XXXVIII

A las siete y media de la tarde, Adamsberg llegó a la Place Edgar-Quinet, sin apurar el paso, pero más ligero que hacía quince días. Más ligero y también más vacío. Entró en la casa de Decambrais, en el pequeño despacho donde una moderna pancarta rezaba: Consejero en cosas de la vida. Decambrais estaba en su puesto, con la cara todavía pálida pero con la espalda de nuevo erguida, y hablaba con un hombre grueso y alterado instalado frente a él.

– Vaya -dijo Decambrais echándole una mirada a Adamsberg y después a sus sandalias-. Hermes, el mensajero de los dioses. ¿Tiene noticias?

– Paz en la ciudad, Decambrais.

– Espere un minuto, comisario. Estoy en medio de una consulta.

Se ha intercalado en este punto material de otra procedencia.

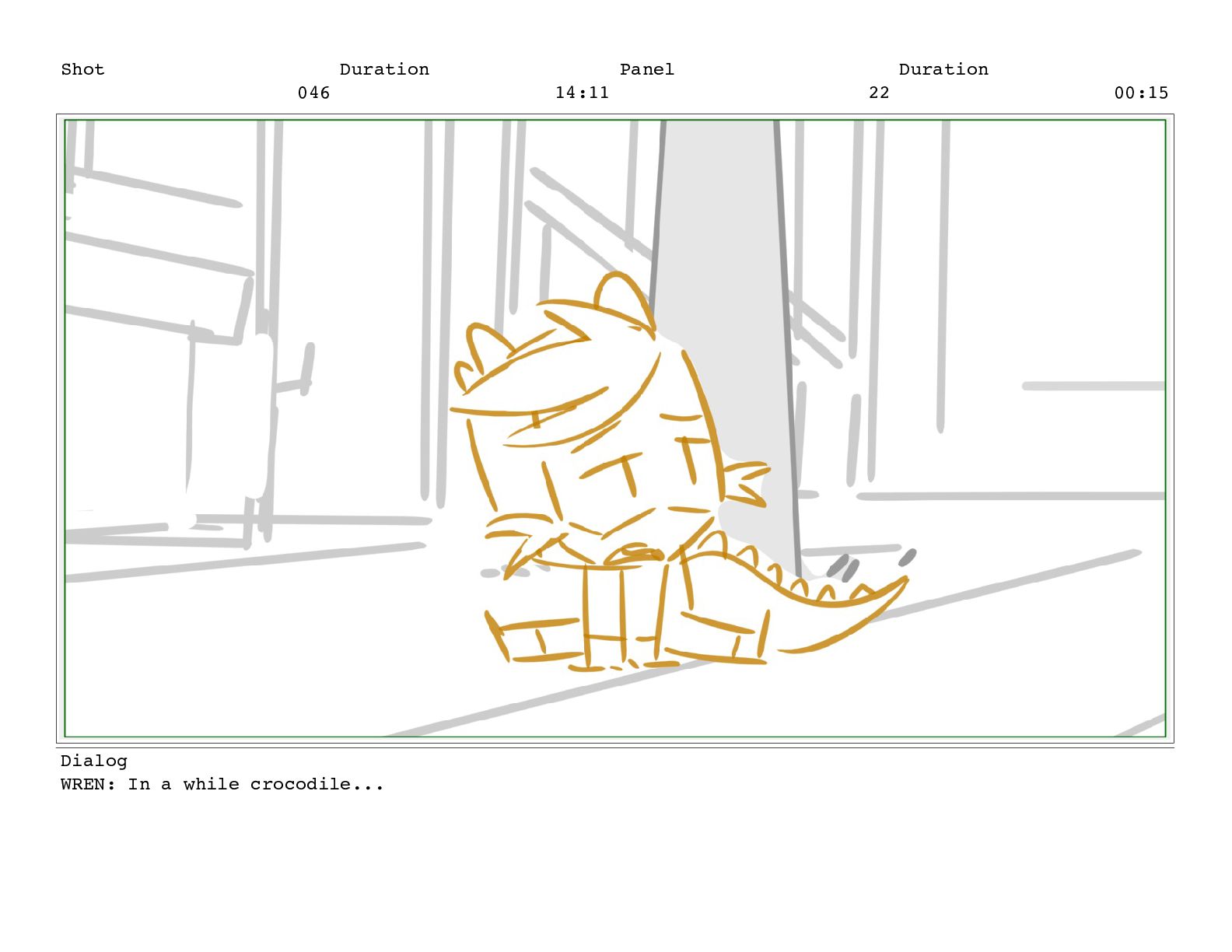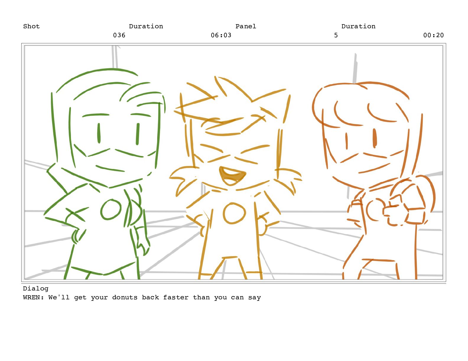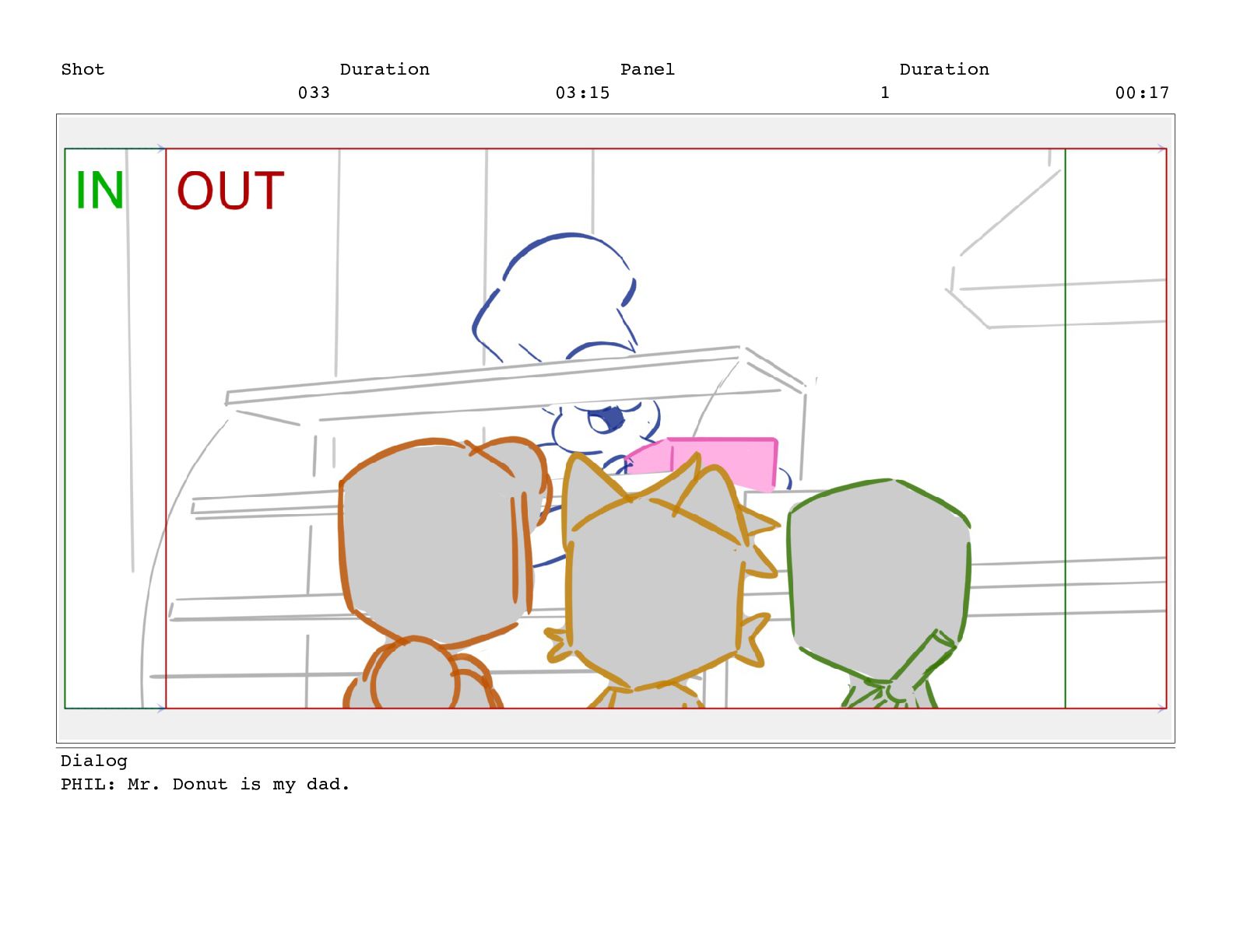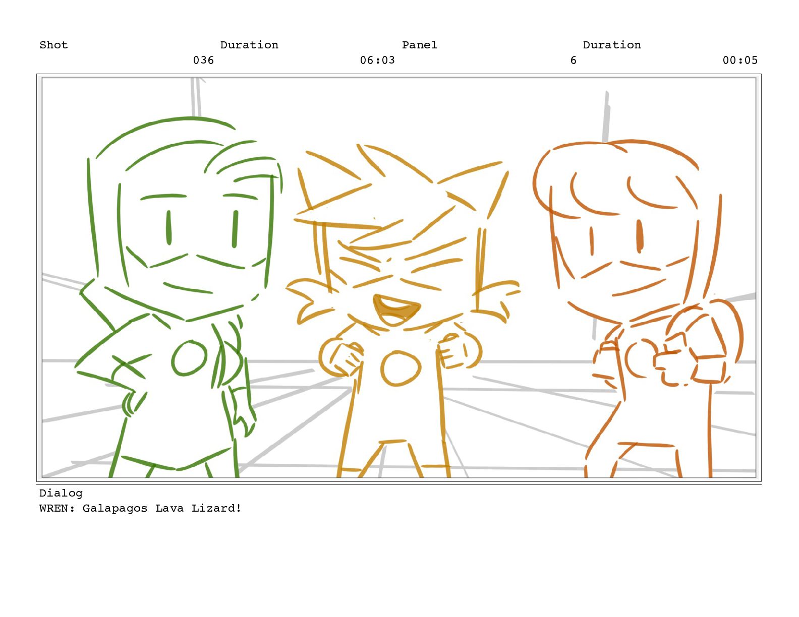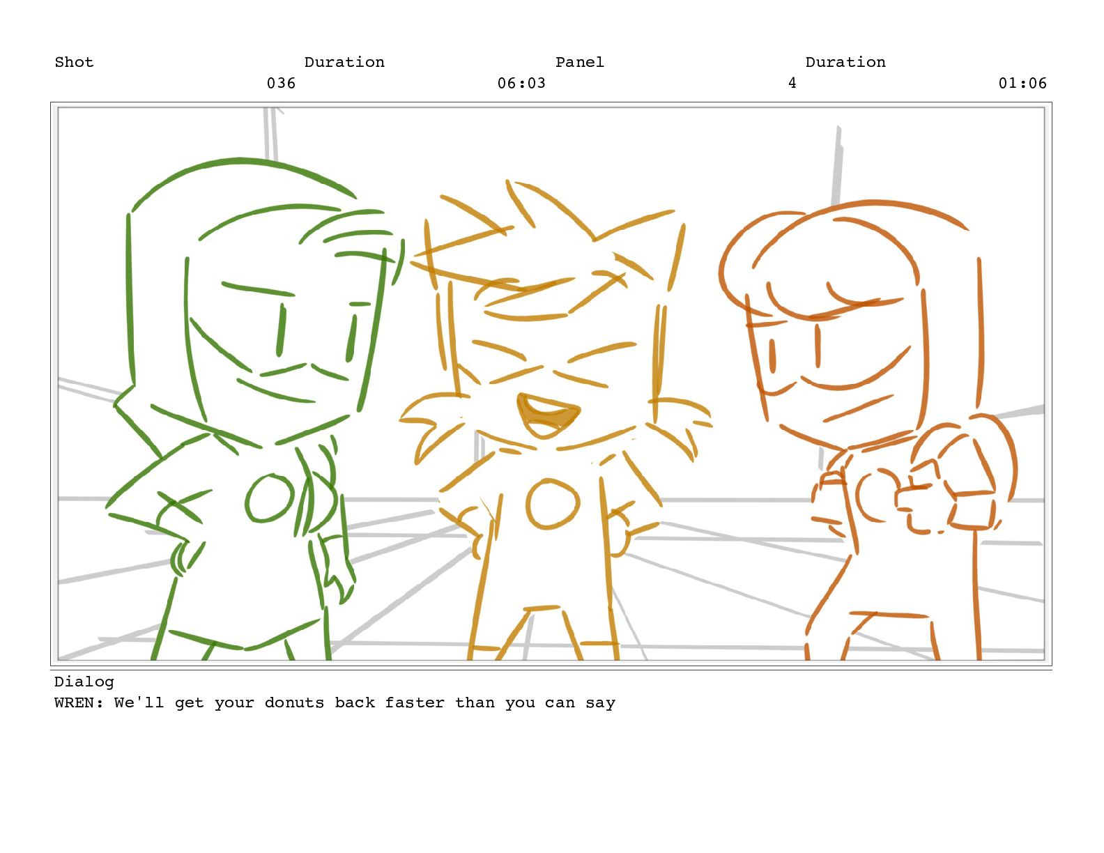 Shot 056 Duration 03:17 Panel 1 Duration 00:15 Dialog TREENA:

Adamsberg se alejó hacia la puerta, atrapando un fragmento de la conversación que continuaba.

– Esta vez, se ha roto -decía el hombre.

– Ya lo hemos arreglado otras veces -respondía Decambrais.

– Se ha roto.

Decambrais hizo entrar a Adamsberg unos diez minutos más tarde y le hizo sentar en la silla todavía caliente de su predecesor.

– ¿De qué se trata? -preguntó Adamsberg-. ¿Un mueble? ¿Un miembro?

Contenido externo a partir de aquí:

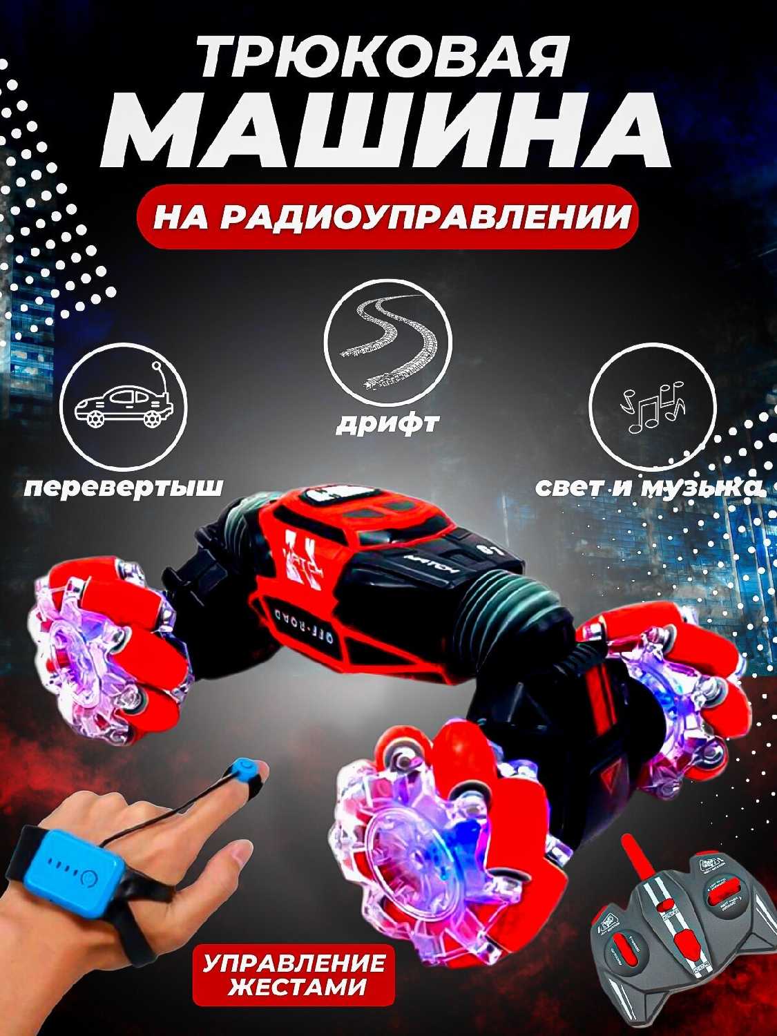 | Комплектация : | Машина, пульт управления, браслет, аккумулятор |

– Una relación. Veintisiete rupturas y veintiséis arreglos con la misma mujer, un récord absoluto entre mi clientela. Lo llaman Roto-Vuelto a juntar.

– ¿Y qué le aconseja?

– Yo nunca aconsejo nada. Trato de comprender lo que quiere la gente y de ayudarles a que lo hagan. Eso es ser consejero. Si alguien quiere romper, lo ayudo. Si al día siguiente quiere volver a juntarse, lo ayudo. Y usted, comisario, ¿qué quiere?

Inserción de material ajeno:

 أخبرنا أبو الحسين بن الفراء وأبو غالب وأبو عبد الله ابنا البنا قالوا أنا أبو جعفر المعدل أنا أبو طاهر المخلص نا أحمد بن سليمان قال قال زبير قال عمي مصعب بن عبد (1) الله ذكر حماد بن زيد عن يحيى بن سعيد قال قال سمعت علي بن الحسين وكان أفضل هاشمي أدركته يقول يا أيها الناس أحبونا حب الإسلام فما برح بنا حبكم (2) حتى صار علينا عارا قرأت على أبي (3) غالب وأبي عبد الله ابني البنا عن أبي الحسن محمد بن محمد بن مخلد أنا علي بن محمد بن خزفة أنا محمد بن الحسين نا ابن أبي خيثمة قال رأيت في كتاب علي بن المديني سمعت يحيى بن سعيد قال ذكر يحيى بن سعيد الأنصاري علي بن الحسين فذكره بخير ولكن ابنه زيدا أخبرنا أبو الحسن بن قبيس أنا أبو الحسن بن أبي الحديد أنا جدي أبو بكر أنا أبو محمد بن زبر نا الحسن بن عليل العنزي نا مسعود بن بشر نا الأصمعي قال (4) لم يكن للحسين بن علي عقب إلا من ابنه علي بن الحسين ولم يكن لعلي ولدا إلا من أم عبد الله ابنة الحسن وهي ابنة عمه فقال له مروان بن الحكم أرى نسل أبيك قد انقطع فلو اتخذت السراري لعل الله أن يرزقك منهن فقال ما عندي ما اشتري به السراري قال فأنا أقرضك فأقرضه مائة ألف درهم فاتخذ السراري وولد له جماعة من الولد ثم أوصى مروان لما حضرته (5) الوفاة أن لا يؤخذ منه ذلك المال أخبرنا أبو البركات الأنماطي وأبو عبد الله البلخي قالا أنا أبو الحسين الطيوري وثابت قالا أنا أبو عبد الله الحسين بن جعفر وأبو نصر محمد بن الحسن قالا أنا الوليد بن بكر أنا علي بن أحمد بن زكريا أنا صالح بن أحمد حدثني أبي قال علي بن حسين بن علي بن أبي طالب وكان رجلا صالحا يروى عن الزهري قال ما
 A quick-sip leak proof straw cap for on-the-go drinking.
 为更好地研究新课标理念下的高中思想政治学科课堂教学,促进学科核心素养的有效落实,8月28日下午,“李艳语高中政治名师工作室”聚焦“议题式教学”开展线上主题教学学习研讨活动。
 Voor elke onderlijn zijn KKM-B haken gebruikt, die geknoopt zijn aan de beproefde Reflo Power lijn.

– No lo sé. Y además, me da igual.

– Entonces no puedo ayudarlo.

– No. Nadie. Siempre ha sido así.

Decambrais se apoyó sobre el respaldo de su silla con una ligera sonrisa.

– ¿No tenía yo razón a propósito de Damas?

– Sí. Es un buen consejero.

– No podía matar realmente, yo sabía eso. No lo quería realmente.

– ¿Lo ha visto?

– Entró en su tienda, hace una hora. Pero no ha levantado la persiana.

– ¿Ha escuchado el pregón?

– Demasiado tarde. El pregón de la tarde es a las seis y diez minutos, entre semana.

– Perdón. No soy muy bueno con los horarios ni con las fechas.

– No pasa nada.

– A veces sí. He puesto a Damas en manos de un médico.

– Ha hecho bien. Se ha caído dando tumbos desde una nube hasta la tierra. Nunca es demasiado agradable. Allá arriba no había cosas sin arreglo. Por eso estaba allí.

– ¿Y Lizbeth?

– Ha ido a verlo enseguida.

– Ah.

– Éva va a pasarlo un poco mal.

– Automáticamente -dijo Adamsberg.

Dejó pasar un silencio.

– Ya ve, Ducouëdic -continuó cambiando de posición para situarse frente a él-, Damas ha cumplido cinco años de cárcel por un crimen que no existía. Hoy está libre por crímenes que ha creído cometer. Marie-Belle ha escapado por una carnicería que ha ordenado. Antoine será condenado por unos asesinatos que él no decidió.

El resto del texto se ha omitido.